Yep, I know that. That's just we supposed it was not so important if it
was nearly a readonly database which is wrong according to you.

> _Something_ is doing long bursts of write IO on sdb and sdb1 every 30
> minutes or so according to your previous posts.

It's not every 30 minutes. It's a 20-30 minutes slow down 3-4 times a
day when we have a high load.
Anyway apart from this problem which is temporary, we have cpu idle all
the day when we don't have any io wait (and nearly no write) and the
server is enough loaded to use all the 4 cpus. I don't think it's normal.
It's not a very good idea but do you think we can put fsync to off
during a few minutes to check if the WAL is effectively our problem? A
simple reload of the configuration seems to take it into account. So can
we disable it temporarily even when the database is running?
If it is the case, I think we'll test it and if it solved our problem,
we'll ask our customer to buy two new disks to have a specific RAID 1
array for the pg_xlog.

> That's actually a reasonably high CS rate.  Again, why?

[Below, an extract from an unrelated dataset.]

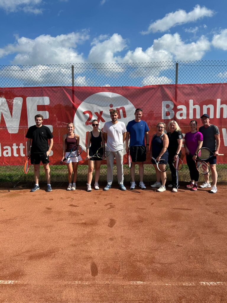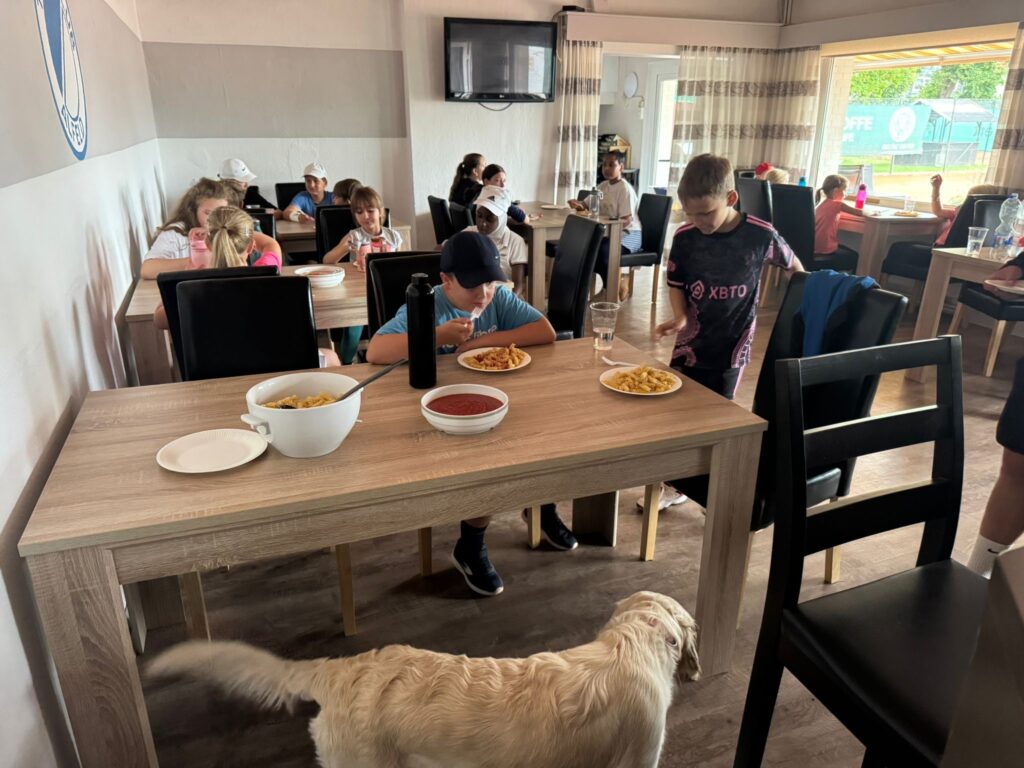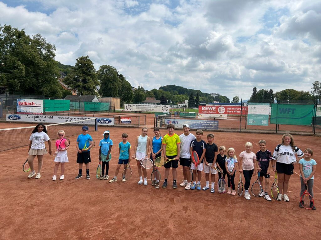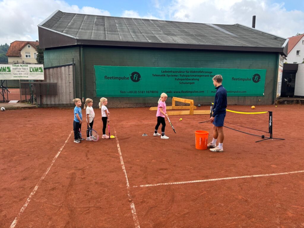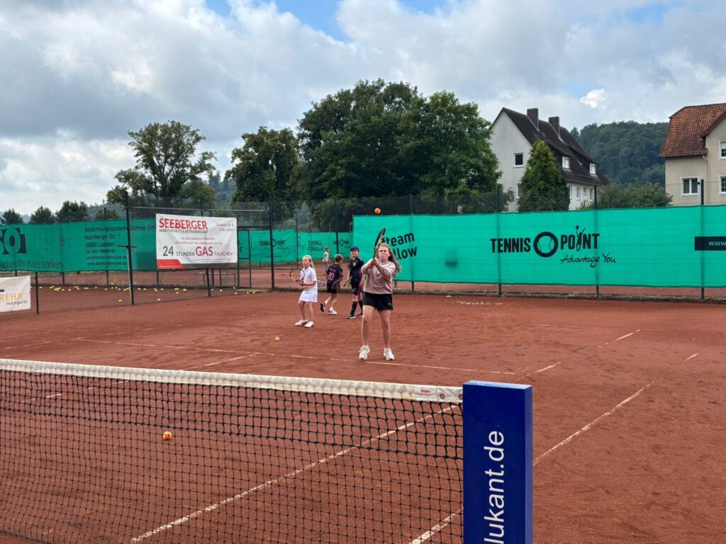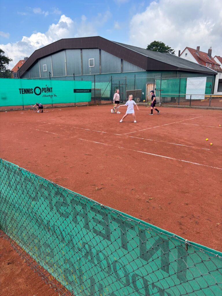 Heute ist Bergfest beim Sommerferiencamp im TCA. Drei Trainer, täglich wechselnde Teilnehmer, gemeinsames Mittagessen und vieles mehr. Täglich sind es rund 20 Kinder, die auch von umliegenden Vereinen dabei sind. Initiator Timo Peters: „Wir schaffen Angebote für Kinder der Region. Somit ist das Camp auch offen für alle.“ Neben Peters sind auch C-Lizenz Inhaber Jannik Brinkmann und Simon Rohmeyer dabei. Die Coaches vermitteln Freude an Bewegung und selbstverständlich auch, je nach Level, an tennisspezifischen Schlagtechniken. Zudem wird die Gemeinschaft gefördert, beispielsweise bei Teamspielen und beim gemeinsamen Mittagessen.

I'm not so surprised considering what I read before about Xeon
multiprocessors, pg 7.4 and the famous context switch storm. We are
planning a migration to 8.1 to (hopefully) solve this problem. Perhaps
our problem is due to that high CS rate.

--
Guillaume

Re: weird performances problem

От

Ron

Дата:

22 ноября 2005 г., 16:20:11

At 10:26 AM 11/22/2005, Guillaume Smet wrote:
>Ron,
>
>First of all, thanks for your time.
Happy to help.

>>As has been noted many times around here, put the WAL on its own
>>dedicated HD's.  You don't want any head movement on those HD's.
>
>Yep, I know that. That's just we supposed it was not so important if
>it was nearly a readonly database which is wrong according to you.
It's just good practice with pg that pg-xlog should always get it's
own dedicated HD set.  OTOH, I'm not at all convinced given the scant
evidence so far that it is the primary problem here; particularly
since if I understand you correctly, px-xlog is not on sdb or sdb1
where you are having the write storm.

>>_Something_ is doing long bursts of write IO on sdb and sdb1 every
>>30 minutes or so according to your previous posts.
>
>It's not every 30 minutes. It's a 20-30 minutes slow down 3-4 times
>a day when we have a high load.

Thanks for the correction and I apologize for the misunderstanding.
Clearly the first step is to instrument sdb and sdb1 so that you
understand exactly what is being accessed and written on them.

Possibilities that come to mind:
a) Are some of your sorts requiring more than 32MB during high
load?  If sorts do not usually require HD temp files and suddenly do,
you could get behavior like yours.

b) Are you doing too many 32MB sorts during high load?  Same comment as above.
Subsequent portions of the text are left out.